Дело в том, что наша Королева с некоторых пор очень серьезно относится ко всяким там колдунствам своих предков. И, che cazza, нельзя сказать, что в этом совсем нет никакого смысла. Например, ее песни очень помогают, когда используешь сверхспособности. Так что над чудачествами Куинни мы не смеемся. Ну, так, самую малость, cazzarolla.
Тем не менее за помощью Куинни обратилась именно ко мне. Правда, не потому, что я такой cazzatta stronzo, а потому, что девочки были заняты с ребятами (и вымотаны дневными испытаниями). Я один оказался свободен и даже сохранил немного энергии…
Кстати, вся эта терминология у нас от кураторов, ясный перец. От них мы узнали, что у каждого из нас есть определенный запас «нервной энергии» – типа, мы ходячие электростанции. Нам мало что рассказывали о природе этой хренотени, но опытным путем я выяснил интересную деталь – чем больше человек переживает всяких эмоций, тем больше у него накапливается этой самой энергии. И один хрен, что это будут за эмоции, плачешь ты там или ржешь, как не в себе, держишь внутри или выпускаешь наружу – без разницы. Например, я очень эмоциональный, как говорят, «южный темперамент», а Фредди спокоен, как дохлый кирпич, а энергии у нас поровну – но побольше, чем у остальных. Видимо, Фредди тоже по-своему эмоциональный, che cazza…

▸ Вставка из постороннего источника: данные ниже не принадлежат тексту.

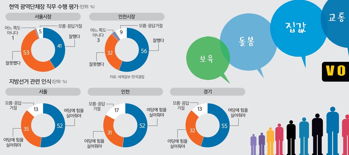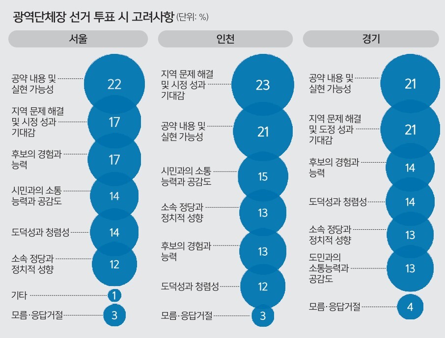 6·3 지방선거를 50일 앞두고 수도권 유권자는 공통적으로 ‘공약 내용 및 실현 가능성’과 ‘지역 문제 해결 및 시정 성과 기대감’을 가장 중요하게 보는 것으로 나타났다. 서울·경기·인천 모두 이번 지방선거에서 후보 공약을 평가할 때는 ‘공약 내용의 타당성과 실현 가능성’을 가장 고려하겠다고 답했다.
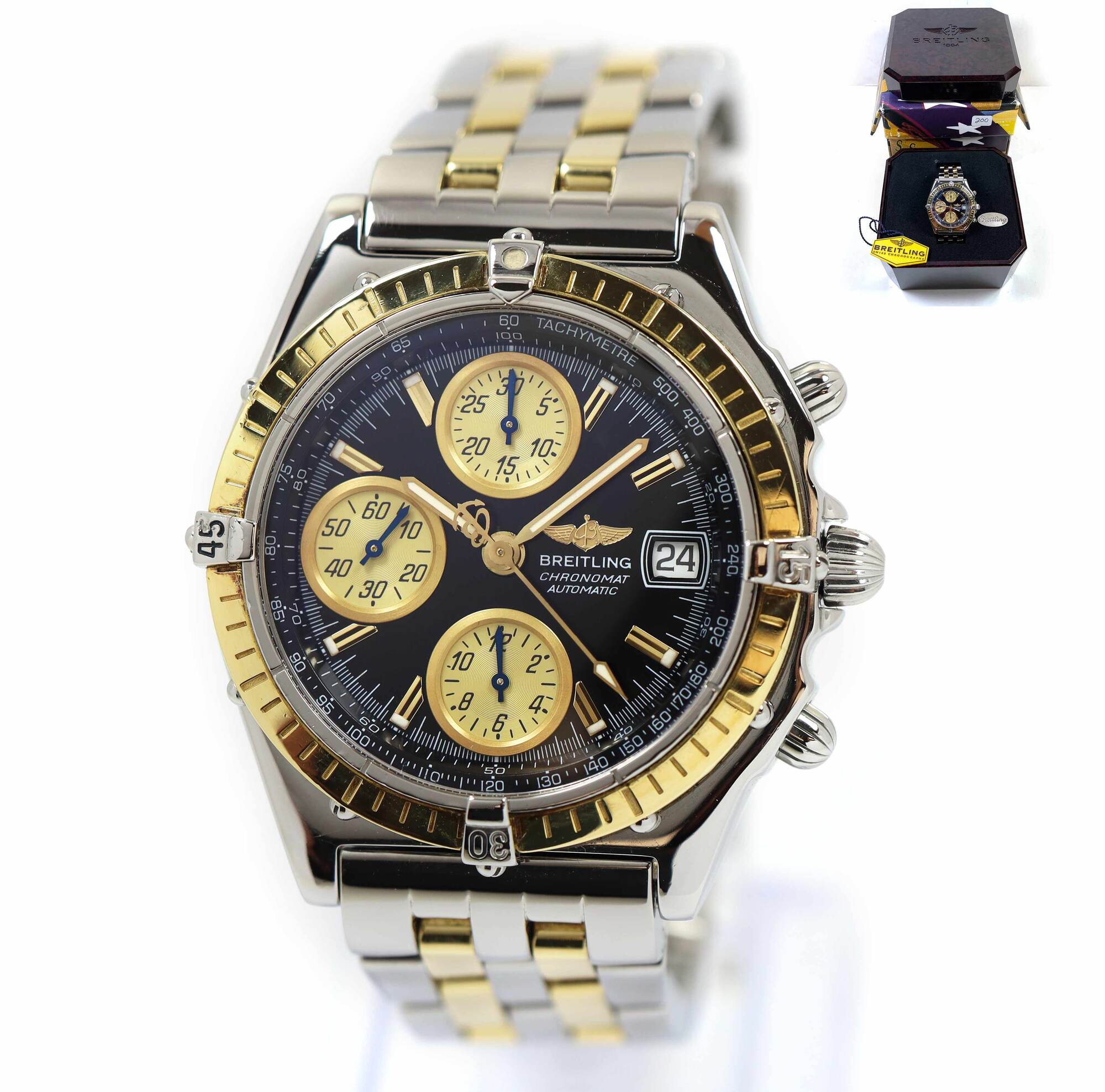 Breitling Chronomat D13050.1 39MM Black Dial 18K Yellow Gold Two Tone Box
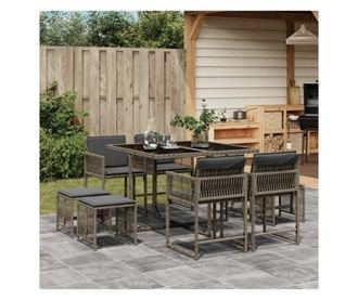 Градински трапезен комплект 9 части с възглавници сив полиратан

Так вот, Куинни заявилась ко мне в бокс, где я наводил марафет Цезарю (оружие любит ласку, чистку и смазку, а все остальное – херня; так говорил синьор Валанцаска, а он был умнее меня), и с порога заявила:
– Хочу попробовать одну штуку, поможешь?
– Если наркоту, то я пас, – ответил я, тряпочкой протирая грязеотбойник на переднем колесе; грязи на базе было примерно столько же, сколько влаги на раскаленной сковородке, но порядок есть порядок. – Дурью не балуюсь, видал, как от нее с катушек едут, pacco di merde.
– Тьфу на тебя, дурак! – разозлилась Королева. – Я хочу узнать… про наших.
– А это дело святое, – сказал я, вставая. – Кого пытать будем, Баракку?
– Какой-то ты чересчур веселый, – хмыкнула Куинни. – В данных обстоятельствах это просто пипец как не в тему.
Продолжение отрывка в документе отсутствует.